So if Christians in Asia Minor or Greece or back in Jerusalem inquired whether they were real disciples of Jesus then they were told of the trust of the Christians in Rome. That grace was being reported all over the world. You can imagine the conversations; “I heard that a slave was whipped until he bled when his master discovered that he was following Christ but he kept on trusting Jesus . . . and some of the women there have been divorced by their husbands because they’ve become Christians. They’ve been left with nothing but they still have faith in the Lord. ‘He will provide our needs!’ they say. Some of the soldiers have to be very careful and their centurions have threatened them with dismissal from the army but they are still trusting in God.” That faith of the Christians in Rome was a cause of humble thanks everywhere the gospel was planted. “Praise the Lord!” was the response. God was responsible for the conception and the continuance of the faith that lived in these men and women. Thanksgiving is the rent we pay God for mercies received.

It shows us the possibility of mere faith in Jesus Christ in one single congregation having a world-wide impact, that today Christians throughout the U.K. – and everywhere on earth where we in this church are known – experience an encouragement and joy and thanks to God for what they hear about us. The Roman church was an ordinary congregation. This was not a super-church. There are no hyper-churches. Paul has to write to these people who had this saving faith, and he has to exhort this congregation in these ways about basic moral behaviour, “Let us behave decently, as in the daytime, not in orgies and drunkenness, not in sexual immorality and debauchery, not in dissension and jealousy” (Roms. 13:13). “Do not think about how to gratify the desires of the sinful nature” (Roms. 13:14). “Why do you judge your brother . . . why do you look down on your brother? (Roms. 14:10). “Bear with the failings of the weak and not please yourselves” (Roms. 15:1). They were an ordinary congregation of mere Christians, limping and falling on their pilgrimage to heaven, just as we are. This is the reality of the Christian life. But these slaves and beggars and illiterates in Rome were able to hear and understand this letter in both its high theology and its holy ethics and receive by trusting God this morality and truth into their poverty-stricken lives. That fact was known in every church in the Empire. For that testimony to the keeping power of God Paul gave thanks for what had gone on in their lives through Jesus Christ.

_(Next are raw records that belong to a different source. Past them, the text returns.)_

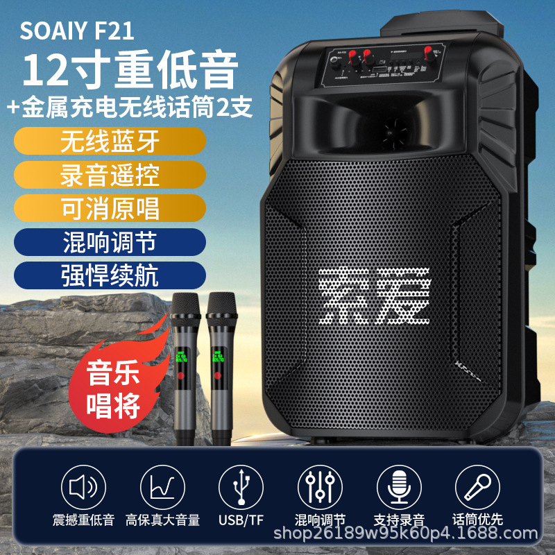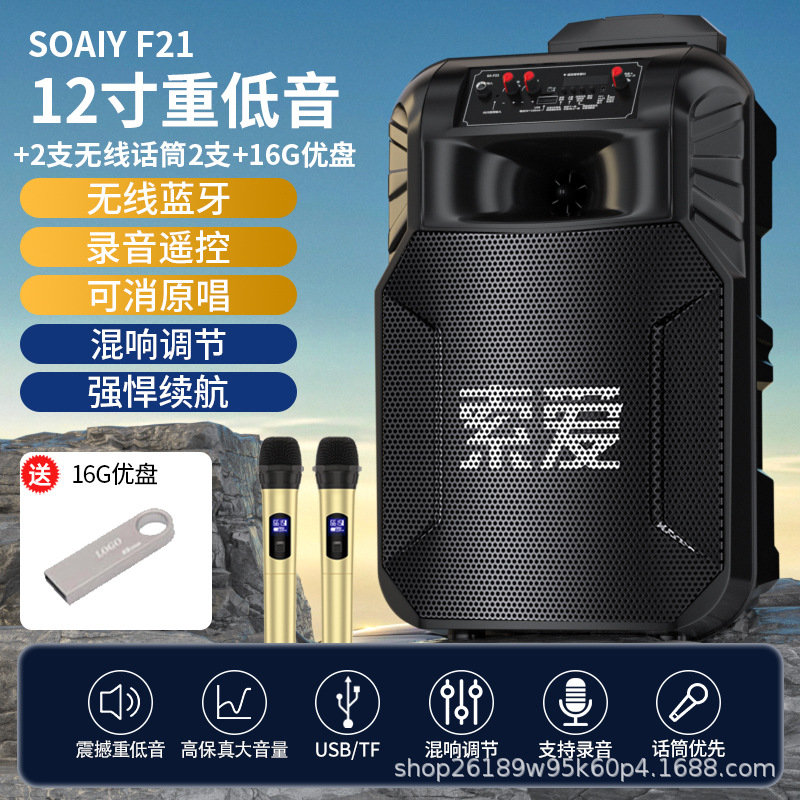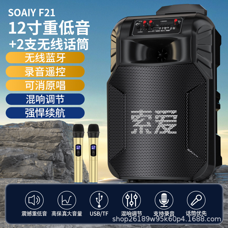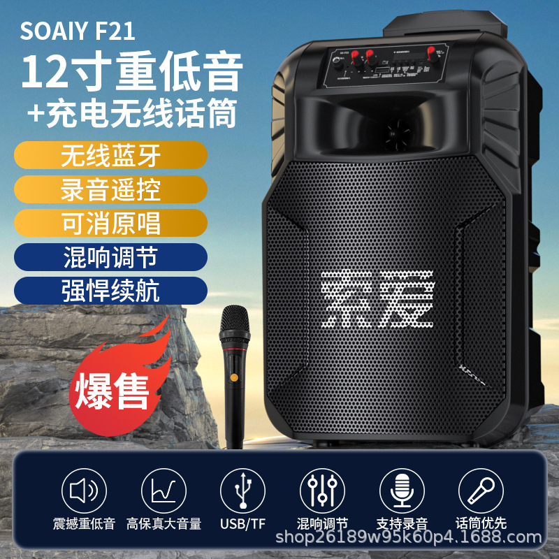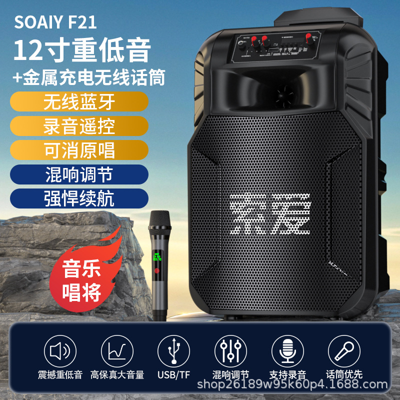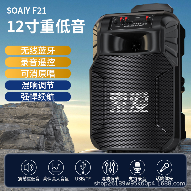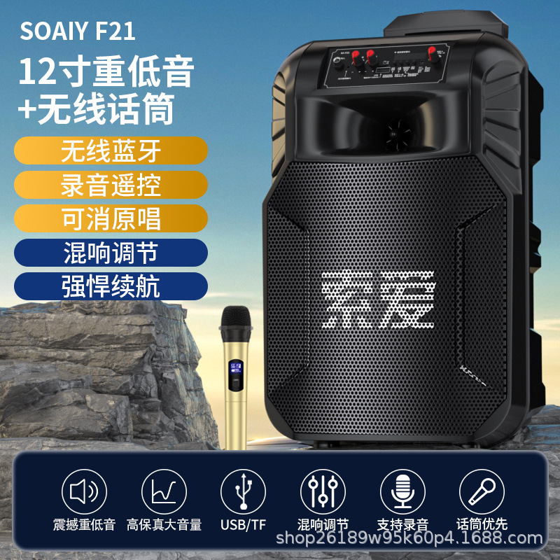 SOAIY F21 블루투스 스피커 모바일 트롤리 12inch 휴대용 스퀘어 댄스 스피커(무선 마이크 포함)
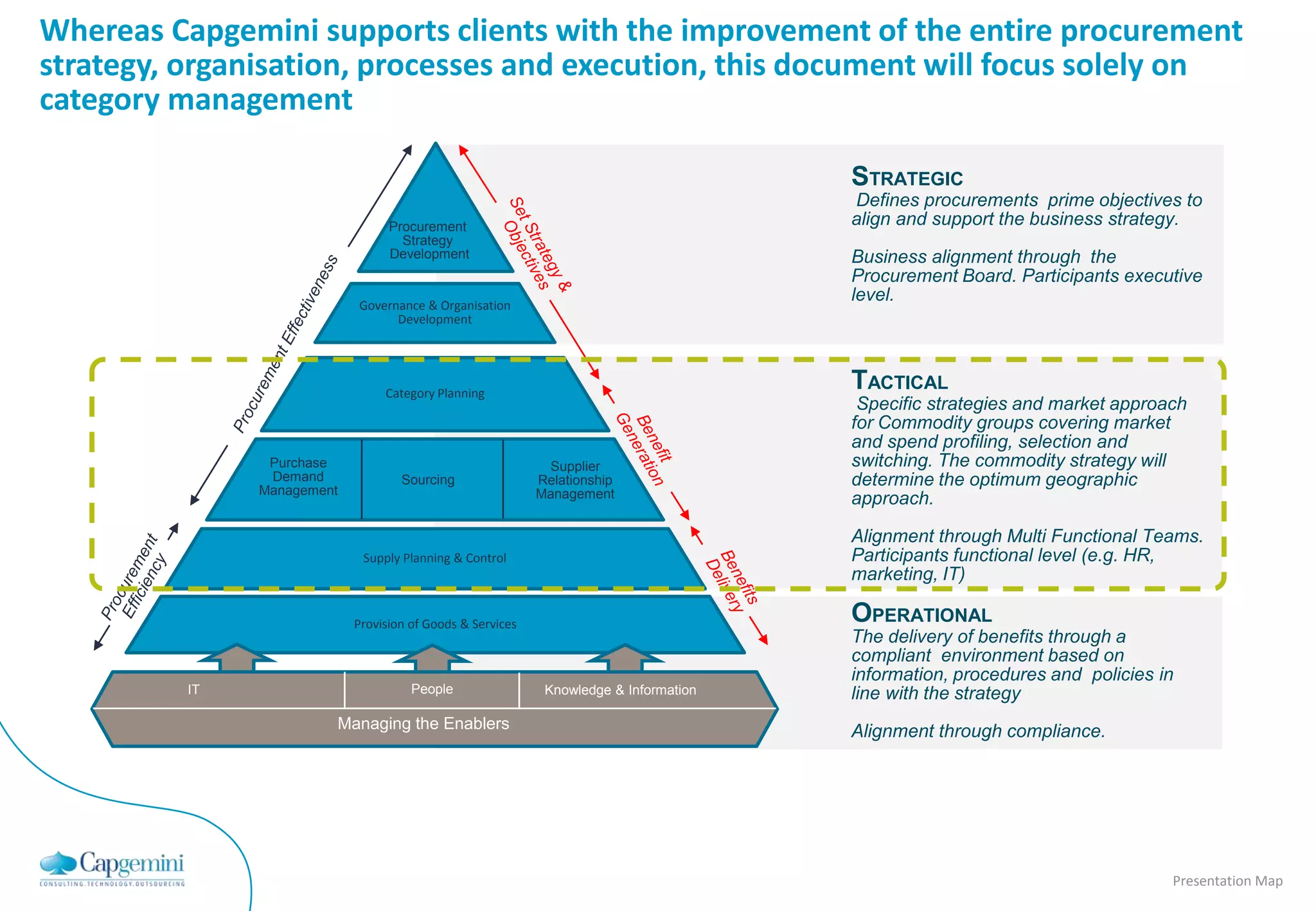 Category Management is Capgemini's approach to managing procurement categories. It aims to increase efficiency and realize cost savings. Key elements include end-to-end supply chain management, market awareness, technical knowledge, strong supplier relationship management, and understanding consumer needs. Capgemini provides strategic procurement, category support, and an on-demand procurement platform to help clients implement effective category management. Realizing savings and ensuring governance are top priorities in all category management initiatives.
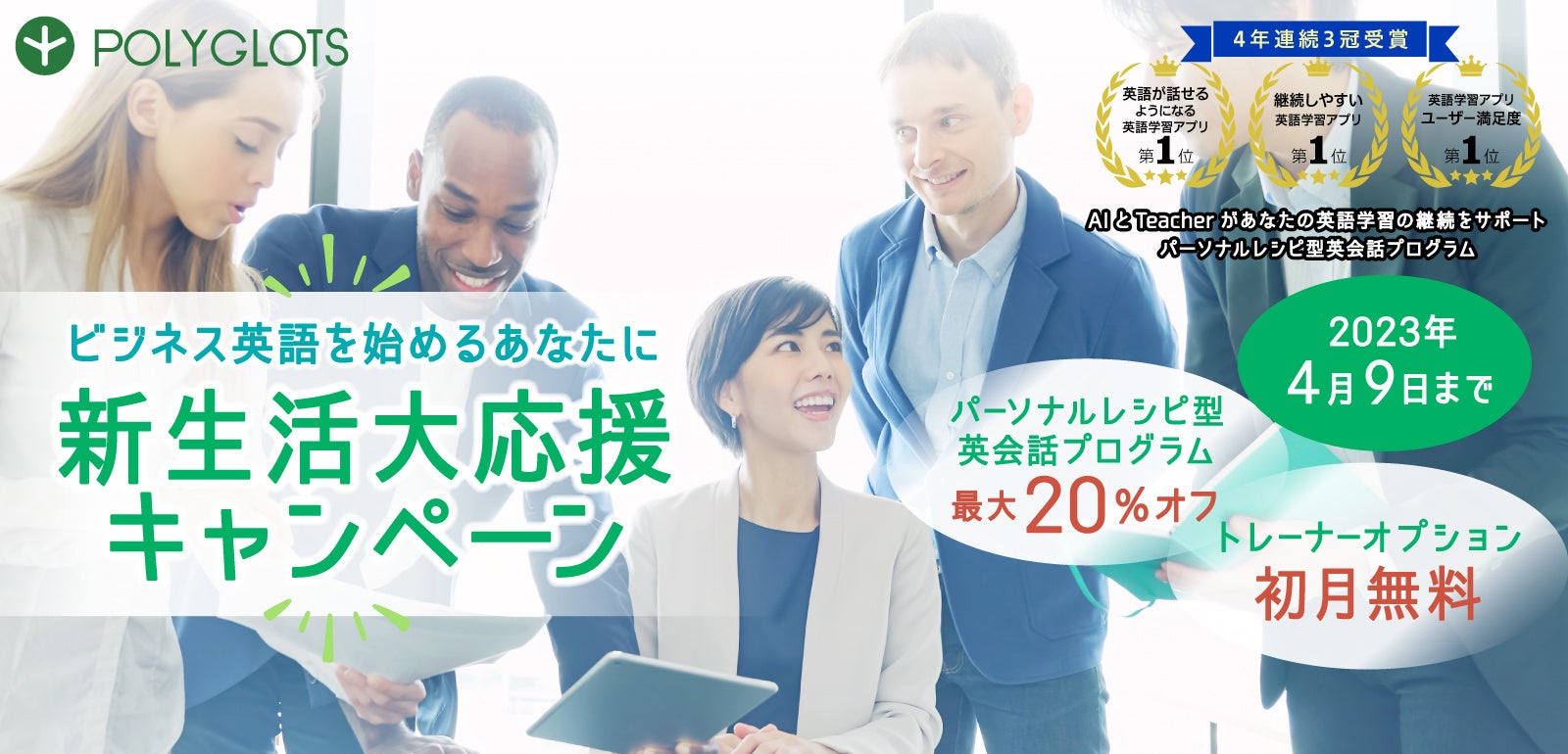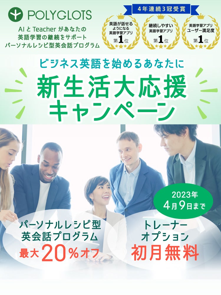 【パーソナルレシピ型ビジネス英会話】新生活大応援キャンペーン開催 - 株式会社ポリグロッツ- 2023年3月20日(月)~2023年4月9日(日)
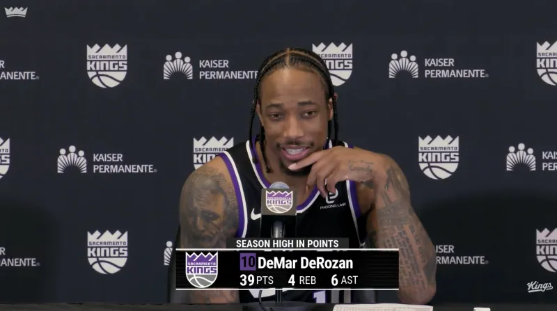记者: 德马尔,你已经在联盟打拼了这么久,经历了这么多事情。当你看到计分板上显示你的总得分超越了蒂姆-邓肯这样的球员时,那一刻你是什么感觉?考虑到你的出身和一路走来的经历,这种感觉有多梦幻?
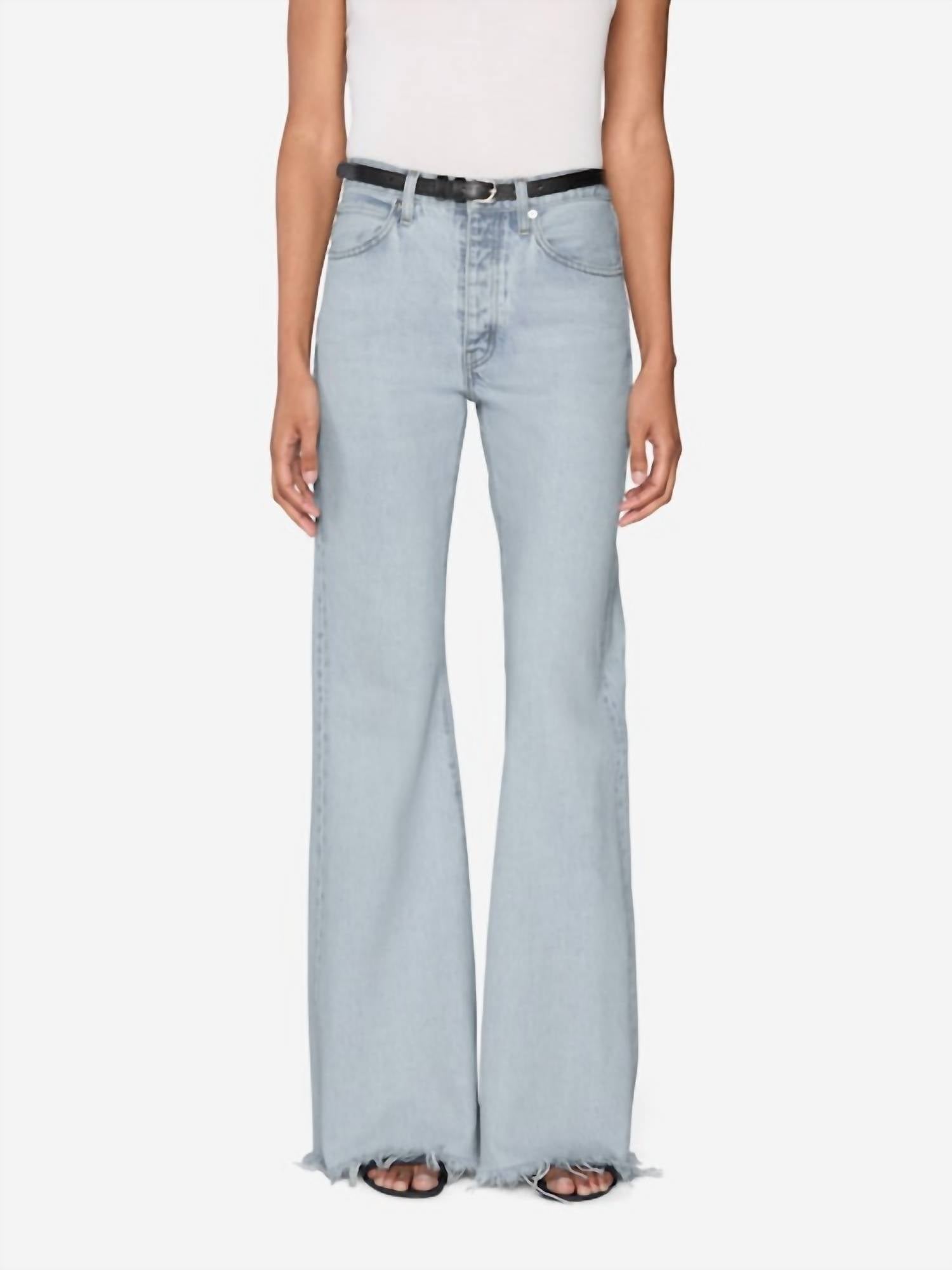 A flattering silhouette that's suprisingly versatile. Introducing the Women's The Lax Flare Pants by FRAME, a stylish choice in a Wisp Raw Fray shade perfect for your spring wardrobe. These pants feature a flared leg design with solid patterning, ideal for vacation and streetwear trends. Closure: Zip Closure. The light wash denim is perfect for a relaxed look, but the care instructions are not specified.

  1. CHRISTIANS ARE PEOPLE WHO PRAY.

Now we all can kid ourselves that knowing about something is as good as doing it. Not so!  I know a bit about cricket and I can talk cricket with men who play it but I have never played a game of cricket in my life. I love classical music and constantly listen to quartets and to rather obscure modern composers, but I cannot play an instrument. It is not like that concerning the devotion of the inward life of the believe interacting with God. You could be reading the best books from the Puritans until today in all your spare moments, and then simply mumble a few words to God in bed at the end of the day, and I would say to you that you are not a praying person. We know about prayer, and we approve of praying, but the actual activity of praying is anything but straightforward. I find prayer bewildering. A man in Clarbeston Road at a recent Harvest service told me he was a young Christian, and then he asked me how many hours a day did I spend praying. When I was in Korea a reporter asked me how many times had I read the Bible through. I told them both there were no more humbling questions they could possibly have asked me than those. How we need help concerning prayer, and there is much help in the Bible and in true Christian worship. In our text Paul tells these believers, “God, whom I serve with my whole heart in preaching the gospel of his Son, is my witness how constantly I remember you in my prayers at all times” (v.9). So many interesting things here:

i] Preaching and praying go hand in hand.  Praying without preaching is mysticism. Preaching without praying is proud unbelief. Unless God blesses the preaching there will be no fruit. God must open the heart; God must illuminate the mind by the Spirit; God must convict the hearers that the gospel is true; God must give faith and repentance to favoured members of the congregation; God must move the will to decide. Without God all you have is the voice of man and the arguments of man and the oratory and persuasive skills of man, and what starts with man is also going to end with man, but what God begins he always completes in the day of Christ. We must have God to come and help and bless us in our preparation, in our holy lives, and in our proclamation, and only then will the gospel come to people not in word only but in power and in the Holy Spirit and with much assurance. So it is a sin to preach and not to pray; God has no dumb children in his pulpits. Paul preached with his whole heart, but he also prayed.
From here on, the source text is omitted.